Work required: Copy word for word the lines in the records below, starting at the line with "2017年11月10日,基金" and ending at the line with "公司每年的總土儲規模一直維持". Skip the pictures.

Exercise inputs:
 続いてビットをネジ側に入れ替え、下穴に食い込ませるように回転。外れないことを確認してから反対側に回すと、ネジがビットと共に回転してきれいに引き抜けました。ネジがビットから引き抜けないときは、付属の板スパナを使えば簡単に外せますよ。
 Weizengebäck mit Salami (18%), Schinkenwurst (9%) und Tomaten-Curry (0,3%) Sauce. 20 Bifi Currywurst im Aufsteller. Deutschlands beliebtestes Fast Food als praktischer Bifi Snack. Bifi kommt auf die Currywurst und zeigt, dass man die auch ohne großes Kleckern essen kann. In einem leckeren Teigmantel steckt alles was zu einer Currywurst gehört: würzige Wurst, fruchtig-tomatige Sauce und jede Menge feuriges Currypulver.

--

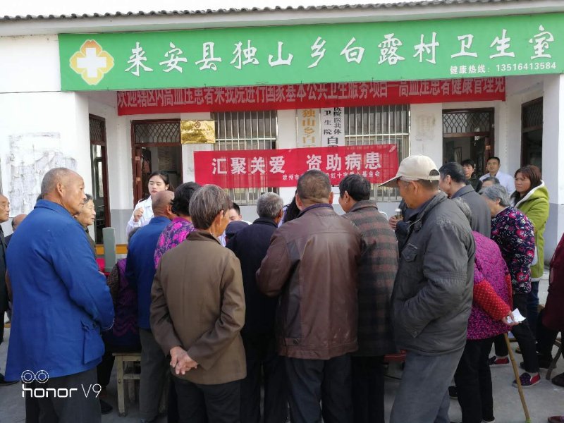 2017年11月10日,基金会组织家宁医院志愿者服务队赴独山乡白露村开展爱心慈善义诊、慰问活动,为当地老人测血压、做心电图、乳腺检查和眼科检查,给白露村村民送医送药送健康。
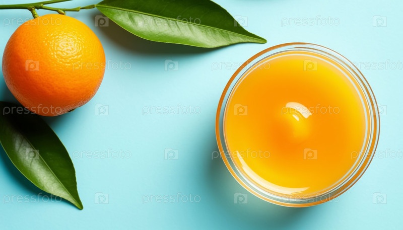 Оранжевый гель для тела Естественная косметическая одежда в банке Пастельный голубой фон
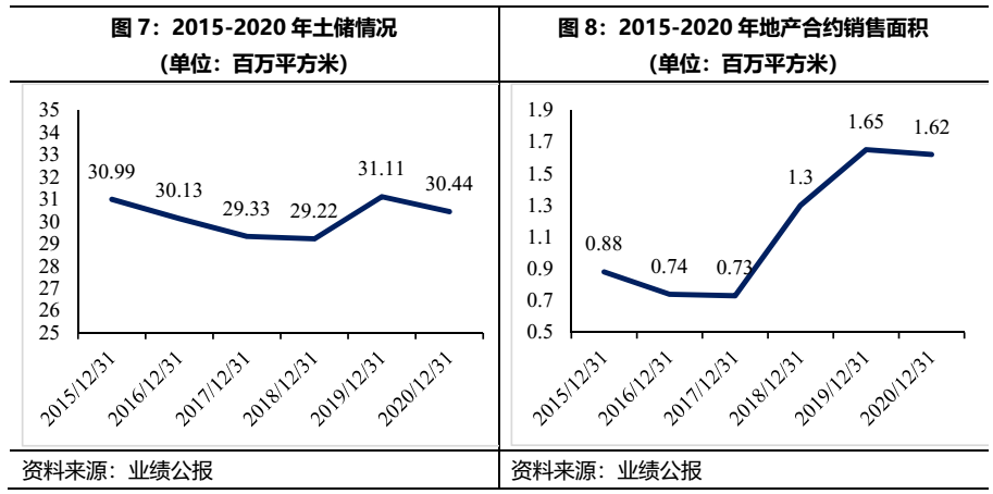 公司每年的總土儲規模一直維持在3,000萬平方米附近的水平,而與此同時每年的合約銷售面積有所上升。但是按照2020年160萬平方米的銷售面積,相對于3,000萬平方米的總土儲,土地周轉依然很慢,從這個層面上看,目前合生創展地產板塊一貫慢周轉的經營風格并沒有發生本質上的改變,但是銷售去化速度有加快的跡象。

* * *

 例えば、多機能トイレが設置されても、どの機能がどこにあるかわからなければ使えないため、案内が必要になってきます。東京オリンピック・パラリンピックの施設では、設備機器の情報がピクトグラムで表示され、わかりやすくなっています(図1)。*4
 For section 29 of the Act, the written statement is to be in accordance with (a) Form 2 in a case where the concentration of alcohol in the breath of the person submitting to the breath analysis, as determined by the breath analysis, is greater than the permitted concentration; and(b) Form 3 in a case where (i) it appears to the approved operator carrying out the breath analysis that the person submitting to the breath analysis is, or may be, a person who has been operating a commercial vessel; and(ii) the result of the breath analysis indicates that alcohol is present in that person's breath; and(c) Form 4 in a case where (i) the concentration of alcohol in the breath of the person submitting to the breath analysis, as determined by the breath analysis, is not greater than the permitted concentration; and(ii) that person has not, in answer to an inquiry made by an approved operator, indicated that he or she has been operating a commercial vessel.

Answer to this exercise:
 2017年11月10日,基金会组织家宁医院志愿者服务队赴独山乡白露村开展爱心慈善义诊、慰问活动,为当地老人测血压、做心电图、乳腺检查和眼科检查,给白露村村民送医送药送健康。
 Оранжевый гель для тела Естественная косметическая одежда в банке Пастельный голубой фон
 公司每年的總土儲規模一直維持在3,000萬平方米附近的水平,而與此同時每年的合約銷售面積有所上升。但是按照2020年160萬平方米的銷售面積,相對于3,000萬平方米的總土儲,土地周轉依然很慢,從這個層面上看,目前合生創展地產板塊一貫慢周轉的經營風格并沒有發生本質上的改變,但是銷售去化速度有加快的跡象。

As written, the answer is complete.